Struck R F, Kari P, Kalin J, Montgomery J A, Marinello A J, Love J, Bansal S K, Gurtoo H L
Biochem Biophys Res Commun. 1984 Apr 30;120(2):390-6. doi: 10.1016/0006-291x(84)91266-x.
Incubation of [3H]-sidechain-labeled and [14C]-C(4)-ring-labeled cyclophosphamide (CPA) with purified cytochrome P-450 from liver microsomes of rats treated with phenobarbital resulted in the production of a major metabolite that contained both labels, was unaffected by diazomethane, possessed high polarity, was identical in TLC and HPLC behavior to a synthetic standard, didechlorodihydroxy -CPA, and was converted to CPA and bis(2-chloroethyl)amine by thionyl chloride . These results indicate that phenobarbital-inducible cytochrome P-450 is able to dechlorinate CPA and may account, in part, for the inability of phenobarbital to enhance the therapeutic activity and toxicity of this important anticancer and immunosuppressive agent.

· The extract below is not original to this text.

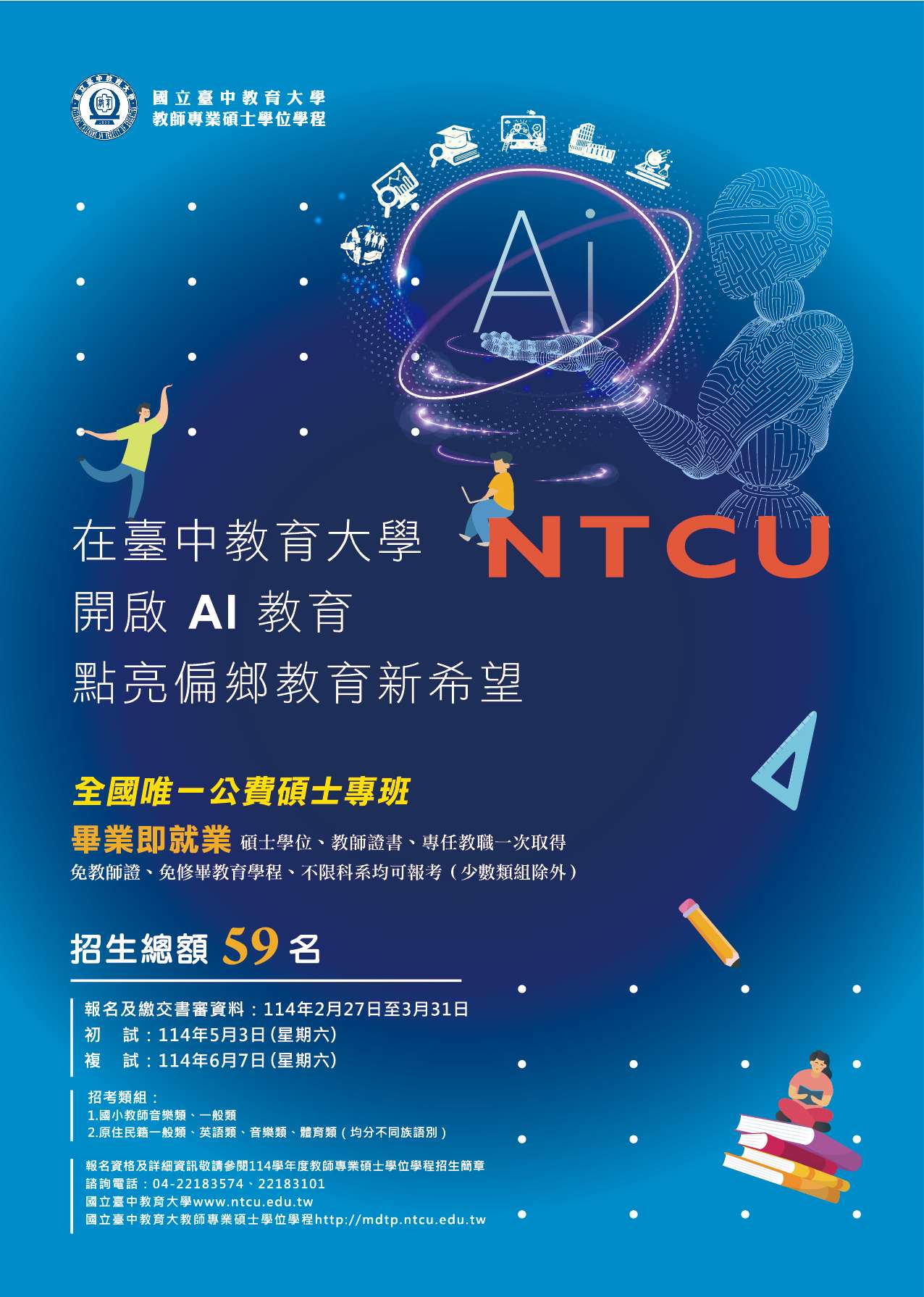 一、本校教師專業碩士學位學程為碩士公費師資專班,教師證 書、專任教職、碩士學位一次取得,歡迎有志投入偏鄉教 育志業的學子及代理代課教師報考。

将[3H]侧链标记和[14C]-C(4)环标记的环磷酰胺(CPA)与用苯巴比妥处理的大鼠肝脏微粒体中的纯化细胞色素P-450一起温育,产生了一种主要代谢物,该代谢物含有两种标记,不受重氮甲烷影响,具有高极性,在薄层色谱(TLC)和高效液相色谱(HPLC)行为上与合成标准品二氯二羟基-CPA相同,并且可通过亚硫酰氯转化为CPA和双(2-氯乙基)胺。这些结果表明,苯巴比妥诱导的细胞色素P-450能够使CPA脱氯,这可能部分解释了苯巴比妥无法增强这种重要抗癌和免疫抑制剂的治疗活性及毒性的原因。